DivEMT: 神经机器翻译 (DivEMT: Neural Machine Translation Post-Editing Effort Across Typologically Diverse Languages) - 专知论文

会员服务 ·

0

NMT · Machine Translation · 多样性 · 情景 · 控制器 ·

2022 年 10 月 18 日

DivEMT: Neural Machine Translation Post-Editing Effort Across Typologically Diverse Languages

翻译：DivEMT: 神经机器翻译

Gabriele Sarti,Arianna Bisazza,Ana Guerberof Arenas,Antonio Toral

from arxiv, EMNLP 2022, materials: https://github.com/gsarti/divemt

We introduce DivEMT, the first publicly available post-editing study of Neural Machine Translation (NMT) over a typologically diverse set of target languages. Using a strictly controlled setup, 18 professional translators were instructed to translate or post-edit the same set of English documents into Arabic, Dutch, Italian, Turkish, Ukrainian, and Vietnamese. During the process, their edits, keystrokes, editing times and pauses were recorded, enabling an in-depth, cross-lingual evaluation of NMT quality and post-editing effectiveness. Using this new dataset, we assess the impact of two state-of-the-art NMT systems, Google Translate and the multilingual mBART-50 model, on translation productivity. We find that post-editing is consistently faster than translation from scratch. However, the magnitude of productivity gains varies widely across systems and languages, highlighting major disparities in post-editing effectiveness for languages at different degrees of typological relatedness to English, even when controlling for system architecture and training data size. We publicly release the complete dataset including all collected behavioral data, to foster new research on the translation capabilities of NMT systems for typologically diverse languages.

翻译：我们引入了DivEMT, 这是针对一组类型多样的目标语言的首个公开的神经机器翻译(NMT)编辑后编辑研究。我们使用严格控制的设置, 18个专业翻译被指示将同一套英文文件翻译或编辑后译成阿拉伯文、荷兰文、意大利文、土耳其文、乌克兰文和越南文。在此期间, 他们的编辑、键盘、编辑时间和暂停记录了记录, 使得能够对国家神经机器翻译质量和编辑后效果进行深入、跨语种评估。我们使用这一新数据集, 评估两种最先进的NMT系统( Google Translate 和多语种的 mBART-50 模型)对翻译生产率的影响。
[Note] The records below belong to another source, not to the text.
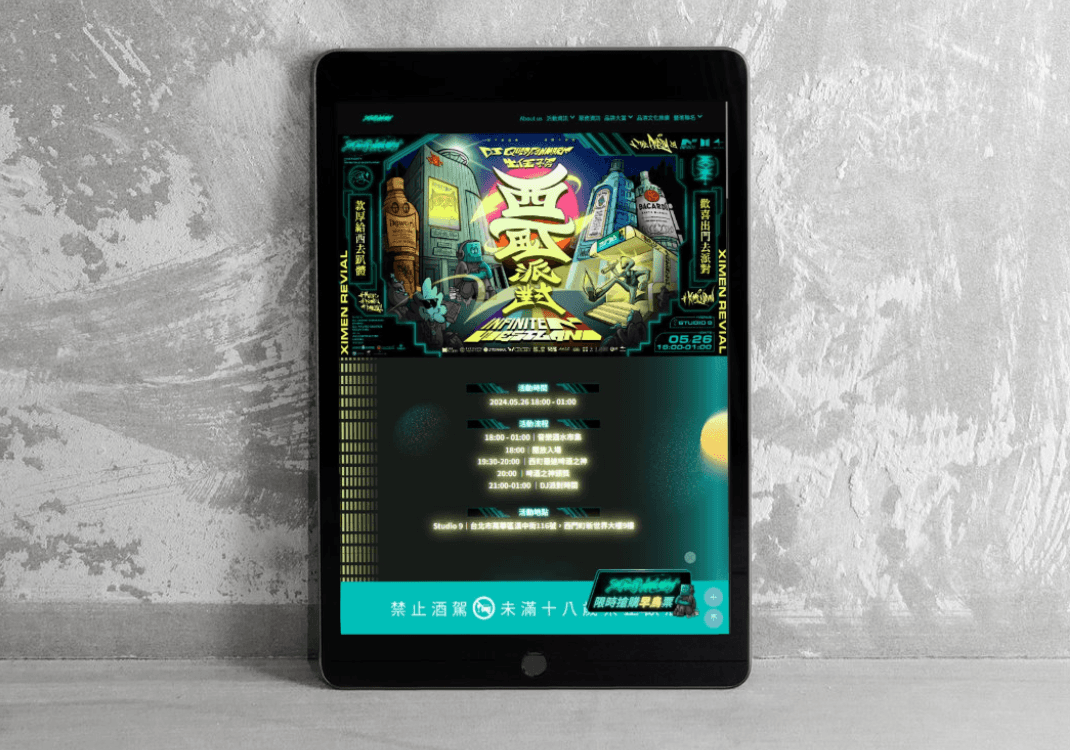 INFINITE 為活動網站設計了多種視覺展示,增強品牌形象及活動現場的氛圍延伸,讓參與者沉浸於特定文化與體驗中。
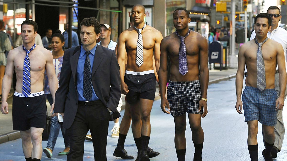 (Picture: Male models in underwear follow a businessman. Credit: Getty's Images)
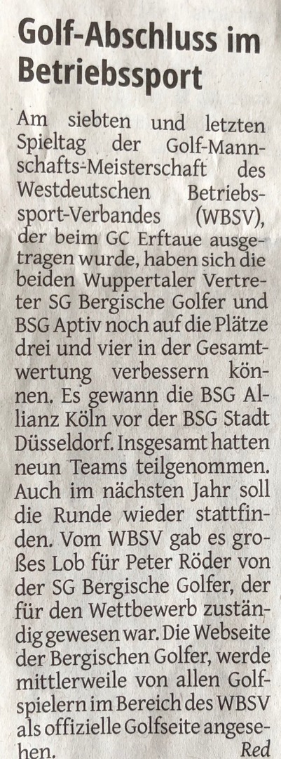Er bedankte sich noch einmal bei Peter Röder für die Organisation der WBSV-Mannschafts-Meisterschaft sowie für die Bearbeitung der Webseite der Sportgemeinschaft Bergische Golfer e.V., die mittlerweile von fast allen Golfspieler*innen aus dem Bereich des WBSV als „offizielle“ Golfseite angesehen wird und auf der man sich immer aktuell über den Golfsport der Betriebssportler informieren kann.
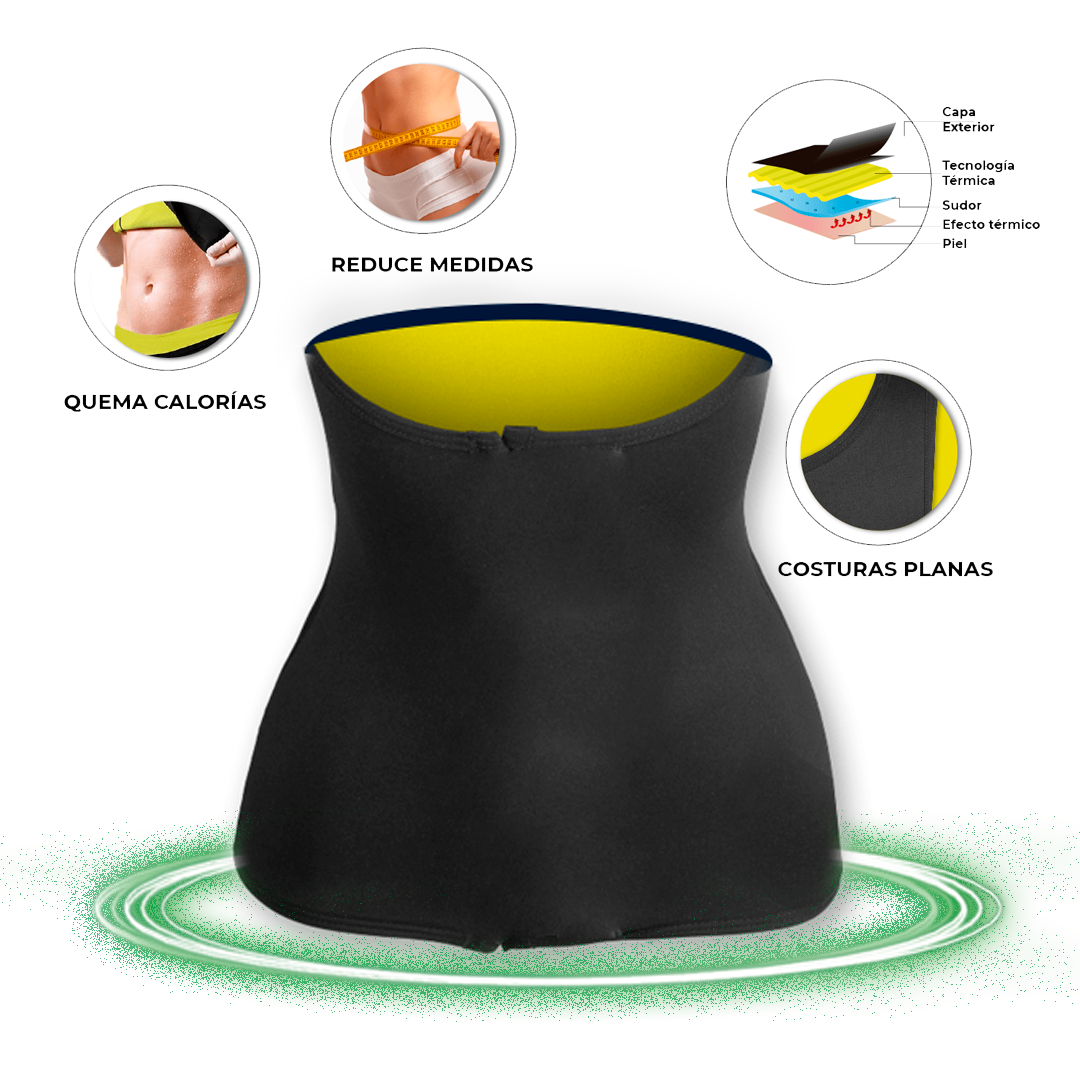 Su exclusiva tecnología y material de alta calidad produce mayor compresión del abdomen y la cintura, provocando asi una mayor sudoración, la cual ayuda a disminuir de medidas.

我们发现, 编辑后这一套英文文件总是比从零开始翻译的速度要快。然而, 各个系统和语言在编辑后提高生产率的程度差异很大, 突出与英文不同程度的语文在编辑后的有效性方面存在重大差异, 即使在控制系统结构和培训数据大小时。我们公开发布完整的数据集, 包括所有收集的行为数据数据数据,, 以促进对NMT系统不同类型翻译能力进行新的研究。

0

相关内容

NMT

计算机科学课程与视频课件合集，Computer Science courses with video lectures

计算机科学课程与视频课件合集，Computer Science courses with video lectures

专知会员服务

37+阅读 · 2022年1月24日

【医学图像处理中的因果性】52页ppt，Causality Matters in Medical Imaging

【医学图像处理中的因果性】52页ppt，Causality Matters in Medical Imaging

专知会员服务

60+阅读 · 2020年3月14日

【新书：机器学习简介】《A Concise Introduction to Machine Learning》by A.C. Faul (CRC 2019)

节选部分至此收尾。